Happy strawberry daiquiri.
I must say this has been the most unchristmassy christmas I think I’ve ever had. And I’m not the first one to say that. I’m just not feeling the chrissy love this year.
It’s been a long year that flew by, if that makes sense. Most of it filled with my fathers various trips in and out of hospitals and nursing homes. He gets to escape from the home tomorrow and go to his home for lunch. We’re going over for the day and I’m expecting it to be pretty depressing really. You know if he wasn’t such an impatient man none of this would have happened and he knows that. He said to me not long ago – I bought this all on myself. If he had of just sat in his chair and waited for Mum to help him and not tried to get into bed on his own he wouldn’t have fallen over, broken his ribs and started the whole merry go round depressing disaster that it became. I don’t know if I’d want to go home if I was him and then have to leave and go back to the fun house. See my room and my things, I just don’t know.
But he will be fine no doubt and put on a positive face like he always does. And we’ll all just eat too much and drink too much and get on with it as well. As we do.
I’m not sure when this photo was taken, maybe late 60’s. Typical Australian christmas day. Bloody hot and dry. Considering my mother only had one sister and my father was an only child they managed to pull a good crowd on christmas day. It was always a big day, lots of people, lots of grog and food and always lots of cherries. That was when cherries were a christmas treat and only arrived at the shops in December. Now of course they fly in from overseas just about all year round.

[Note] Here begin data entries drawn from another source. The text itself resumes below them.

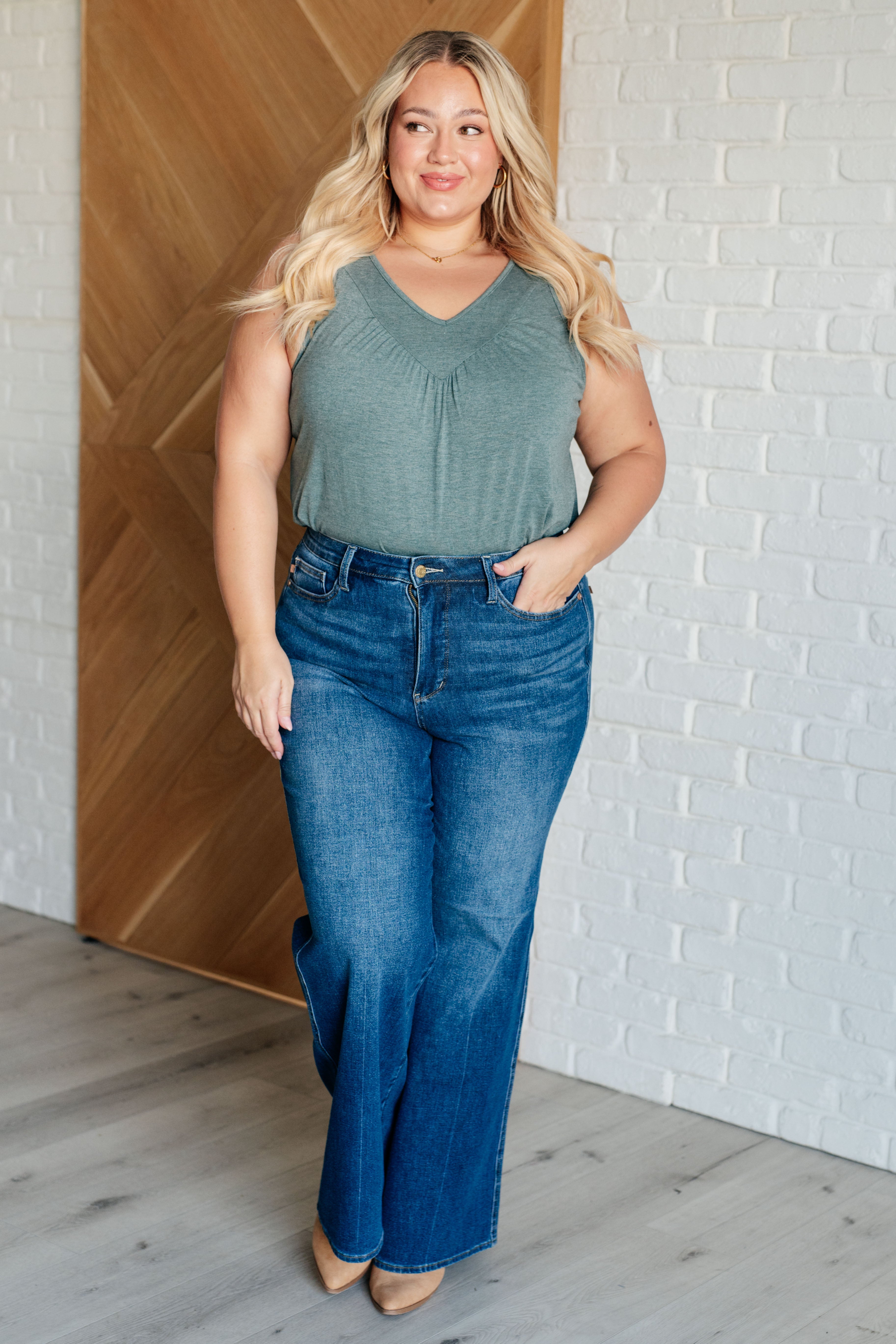 Stay effortlessly stylish and comfortable in our Not So Anxious V-Neck Tank. The flattering V-neckline adds a touch of elegance, while the ruched detailing brings a subtly chic twist. Sleeveless for easy wear during warmer days or under jackets, this tank is designed to keep you feeling at ease and looking fabulous. Ideal for both relaxed days and dressed-up outings, itβs a versatile staple for any wardrobe.
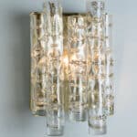 Wonderful hand blown Doria wall lamps. Manufactured in the 1960s. With textured and clear and gold structured glass pipes.
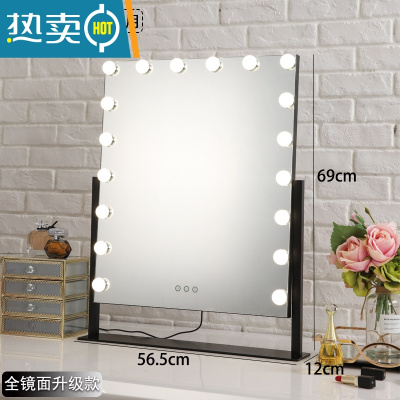 敬平化妆镜台式led带灯泡网红桌面大号家用卧室镜子便携ins梳妆镜子便携式用镜 18灯黑色全镜面+插电款 3色无极调光
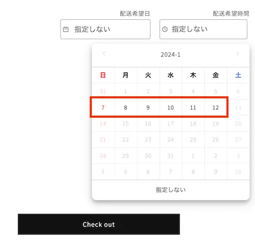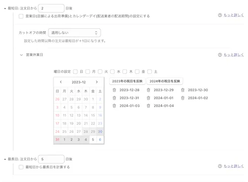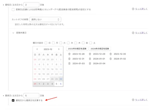 しかし、年末年始の休暇などで12/28-1/4を営業休業日としていた場合は、最長日が最短日よりも短くなり、選択できる配送日がない状態となります。
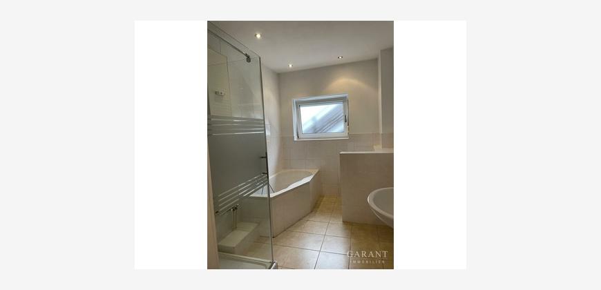Das Badezimmer mit Waschmaschinenanschluss bietet sowohl eine Dusche als auch eine Badewanne. Dank des Tageslichtfensters können Sie das Bad in natürlichem Licht genießen, was für eine angenehme Wohlfühlatmosphäre sorgt.
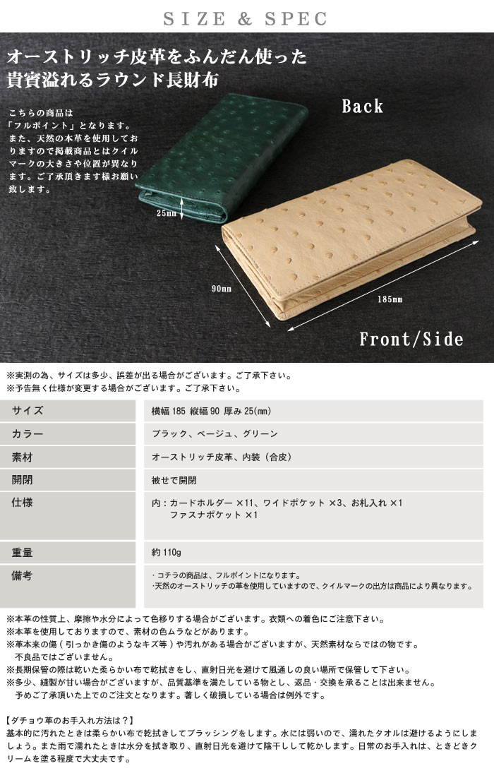一度は、持ってみたい憧れの本物素材!また、ダチョウの革は軽いし丈夫で長持ちな為、さいふにはとても相性が◎!オーストリッチの特徴であるクィルマークは、だちょうの全体の40%しか取れない貴重な部位を使用しているため、クロコダイル(ワニ革)と同等の高級素材と言われています!絶対にお勧めの本革オーストリッチ財布をぜひ手にとってください! ■サイズ:横幅185 縦幅90 厚み25(mm) ■カラー:ブラック、ベージュ、グリーン ■素材:オーストリッチ皮革、内装(合皮) ■仕様内装:カードホルダー×11、ワイドポケット×3、お札入れ×1、ファスナポケット×1 ■開閉:被せで開閉 ■重量:約110g程度 【備考】 こちらの商品は、フルポイントになります 天然のオーストリッチの革を使用していますので、クイルマークの出方は商品により異なります (お急ぎの場合はご確認下さい) ※北海道、九州、沖縄、離島に関しては別途送料が必要となります。

Maybe that’s my problem with christmas. When I used to see cherries in the supermarket it was exciting because it meant Christmas was close. Now I see them in August and it ruins it. Shops start displaying trees and decorations in early November and for some absurd reason we have Christmas in July celebrations. I refuse to acknowledge Christmas in July.
But as I say, late 60’s maybe although I don’t see any of my siblings or myself in there. There seem to be a few people missing. That’s my mother sitting at the front in between the two kids and that’s Dad standing behind her and to the right with the blue shirt, black hair and smiling. I think thats Mums sister peeking from behind the tree but she looks alarmingly young. Sorry it’s kind of crap quality but if you click through it gets a bit clearer but you get the idea, blue sky, dead grass, hot sun, everyone sweating like a mofo in their good gear.